書籍紹介

【SINGLE TASK 】マルチタスクをやめれば仕事も人生も変えられる!

ブライアン・トレーシー氏による著書【SINGLE TASK 一点集中術】を読んでみたのですが、有益な情報がたくさんありました。
仕事や勉強を頑張りたい!と思っている人は必読だと思います。

本書のなかで個人的に有益だと思った箇所は以下の3つです。

  1. 人間の脳はマルチタスクが出来ないようになっている
  2. 現代はシングルタスクに専念できない時代
  3. タイムシフトを活用して人生を有意義に

【SINGLE TASK 一点集中術】の中には、「マルチタスクをやめれば人生が変わる」理由が書かれています。
【人生を変えたい】と思っている人はぜひ手に取ってみてください。

以下には個人的に有益だと感じたポイントをまとめていきます。

人間の脳はマルチタスクが出来ないようになっている

皆さんは無意識のうちにマルチタスクばかりしてませんか??

勉強をしながらYouTubeを開いたり、仕事の資料を作りながらメールをチェックしてしまうことはありませんか?

心当たりがある人はきっと、「時間がないから一度に色々なことをしなきゃ!」と考えてると思います。

仕事や家事、育児をしていると、いくら頑張っても時間は足りませんよね。
だからこそ色々なことを同時にやって、どんどんタスクをこなしていきたい!と考える人は多いでしょう。
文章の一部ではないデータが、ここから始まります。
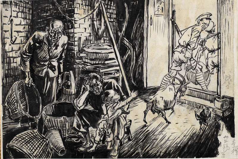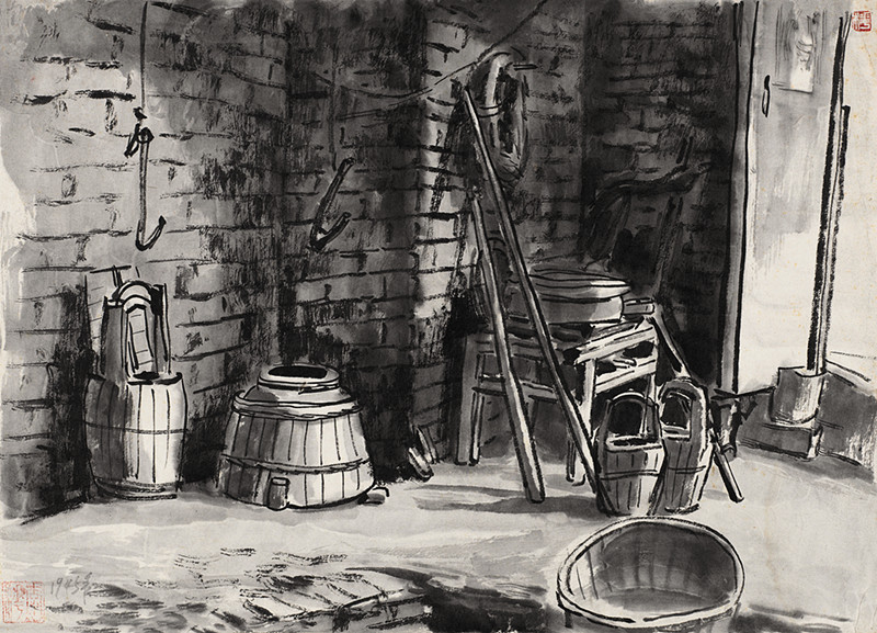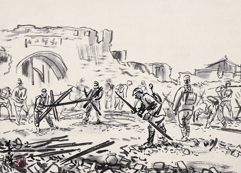 1937年抗日戰(zhàn)爭爆發(fā)后,李樺帶筆從戎,拿起手中的木刻刀參加抗戰(zhàn)軍隊,在第三戰(zhàn)區(qū)任文職軍官。1938年,一身戎裝的李樺同力群、賴少其、王琦等人在武漢共同籌備成立了“中華全國木刻界抗敵協(xié)會”,并擔任理事。八年軍旅生涯,李樺一直未間斷木刻版畫的創(chuàng)作,用手中的刻刀和畫筆投身到抗日救亡的浪潮中。這一時期,李樺的創(chuàng)作取材視野比以前擴大了,其創(chuàng)作的木刻、素描、水墨作品不僅有抗戰(zhàn)題材,還有大量的社會生活題材,如水墨畫《常德門外?清掃戰(zhàn)場》、《清明時節(jié)》、《幽居》等作品都富有濃郁的社會人文關懷,他用實地寫生的方式,讓人們看到在戰(zhàn)時底層農民艱苦生活的狀態(tài)。雖然這些作品歷經戰(zhàn)火,大部分已經遺失,現(xiàn)在只剩下二十余件,但正是這些精彩的水墨畫打破了以往人們對李樺藝術創(chuàng)作相對單一的認識,它們更加豐富而又立體地呈現(xiàn)出李樺這一階段的藝術創(chuàng)作。

でもこの考え方が生産性を下げる要因になっていたのです。

人間はマルチタスクができない

人間はマルチタスクができない構造(脳)になっています。

これを聞くと、「え?何かをしながら何かをするって普通のことじゃない?」と思う人もいるかもしれません。

たしかに私たちは一度に複数のタスク(マルチタスク)をこなすことができるように思えます。
でもそれは勘違いなのです。

あなたができると思っているマルチタスクは、同時にタスクをこなしているのではなく、タスクを切り替えているだけです。

例えばTwitterをいじりながら友人と話している状況を思い浮かべてみましょう。

一見すると、Twitterと会話を同時にこなしている、つまりマルチタスクをしているように思えます。

ですが実際は、「Twitterを操作する」⇆「友人と話す」というタスクを交互に切り替えているだけなのです。
その証拠に、友人と話をしているのにスマホをいじってしまったせいで、「友人が何を言ったのか聞いていなかった」、ということを経験した人は多いはずです。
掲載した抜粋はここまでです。